Film it in the Keys...

Starring jamie Lee Curtis...(she's HOT)...

Get Arnold for a Celeb cameo...8>)

Crash perfectly good cars...8>)

Rakos


----------



## Maria C (Jan 18, 2018)

Rakos, I always keep smiling even in rough days and I am rewarded like this?...nothing will take me down, I am sure I will figure this out, but we are in these kind of situations because we do not fight for what is fair, and we just don't do anything about it. People will take advantage and it is OK for companies like Uber to accept lies or bogus accusations....REALLY....that is why Lyft is taking over and I hope soon will come to my city.


----------



## Harry1234 (Feb 20, 2018)

Accused of impaired driving and I was furious. I collected my thoughts and decided to find a police station to verify my sobriety. They were very kind, gave me a breath-a-lizer (read 0, no surprise) but couldn't put me through a sobriety test without probable cause. Also could not validate I wasn't impaired as that would require a blood test. Did make a blotter entry and received a reference number for that. I also have a dashcam and responded to Uber I had such. Account put on hold for 24 hours and then they tell me it's resolved!!! I wrote back that it wasn't without explanation of what happened, what evidence did they have, if accuser was sanctioned (I know, stupid question), and what does my record now reflect.

You guessed it, radio silence. I was happy to this point with no real passenger issues. Welcome to the real world as they say. I'm applying to Lyft but don't have any illusions that it can't or doesn't happen there too.

At least I know I'm not alone.


----------



## SuzeCB (Oct 30, 2016)

robert spahn said:


> I was falsely accused of impaired driving from a customer while driving for Uber last night. I am suspended for 48 hours and have no idea of who made the complaint. Uber has not called me to ask my side of the story. I really needed to work this week and they hit me with this. I don't drink or use drugs.
> I have a 4.7 driver rating, 35 driver compliments, speed and braking always at 100%. I feel very sad and betrayed by Uber. I don't know what to do. Maybe I should consider driving for Lyft and Uber. If anyone has any advice or experience on how I can fight this thing please let me know.


Sue the pax.



Harry1234 said:


> Accused of impaired driving and I was furious.
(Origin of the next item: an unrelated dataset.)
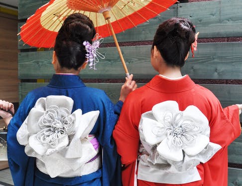 京都西陣織の元職人で現在美容着付け担当しています。着付で一番困った事は 大きい体形のお嬢様が帯の長さが足りず 自前の帯でお花を製作。桜をイメージしたつけ華帯、「...

I collected my thoughts and decided to find a police station to verify my sobriety. They were very kind, gave me a breath-a-lizer (read 0, no surprise) but couldn't put me through a sobriety test without probable cause. Also could not validate I wasn't impaired as that would require a blood test. Did make a blotter entry and received a reference number for that. I also have a dashcam and responded to Uber I had such. Account put on hold for 24 hours and then they tell me it's resolved!!! I wrote back that it wasn't without explanation of what happened, what evidence did they have, if accuser was sanctioned (I know, stupid question), and what does my record now reflect.
> 
> You guessed it, radio silence. I was happy to this point with no real passenger issues. Welcome to the real world as they say. I'm applying to Lyft but don't have any illusions that it can't or doesn't happen there too.
> 
> At least I know I'm not alone.


Lyft is harsher.


----------



## Maria C (Jan 18, 2018)

Harry1234 said:


> Accused of impaired driving and I was furious. I collected my thoughts and decided to find a police station to verify my sobriety. They were very kind, gave me a breath-a-lizer (read 0, no surprise) but couldn't put me through a sobriety test without probable cause. Also could not validate I wasn't impaired as that would require a blood test. Did make a blotter entry and received a reference number for that. I also have a dashcam and responded to Uber I had such. Account put on hold for 24 hours and then they tell me it's resolved!!! I wrote back that it wasn't without explanation of what happened, what evidence did they have, if accuser was sanctioned (I know, stupid question), and what does my record now reflect.
> 
> You guessed it, radio silence. I was happy to this point with no real passenger issues. Welcome to the real world as they say. I'm applying to Lyft but don't have any illusions that it can't or doesn't happen there too.
> 
> At least I know I'm not alone.


No you are not alone and I think at this point is more frequent that you think , I was so mad and really disgusted by this accusations as I do not drink or have used drugs. But I guess they are just sided to what riders said and Uber never contacted to ask or to hear my side of the story at the end they put me back on the system, and today I am one of those drivers that had to go back to a regular job because I can't trust Uber riders accusing me and then I am out of the platform again and then what ...out for good. It was not worth it..,I had 4.93 rating almost 1000 rides, 500 five star trips and great comments, and that even did not matter. it is sad how unfair it could be and that is Uber reality.


----------



## TheAntMiami (Oct 10, 2016)

Maria C said:


> No you are not alone and I think at this point is more frequent that you think , I was so mad and really disgusted by this accusations as I do not drink or have used drugs. But I guess they are just sided to what riders said and Uber never contacted to ask or to hear my side of the story at the end they put me back on the system, and today I am one of those drivers that had to go back to a regular job because I can't trust Uber riders accusing me and then I am out of the platform again and then what ...out for good. It was not worth it..,I had 4.93 rating almost 1000 rides, 500 five star trips and great comments, and that even did not matter. it is sad how unfair it could be and that is Uber reality.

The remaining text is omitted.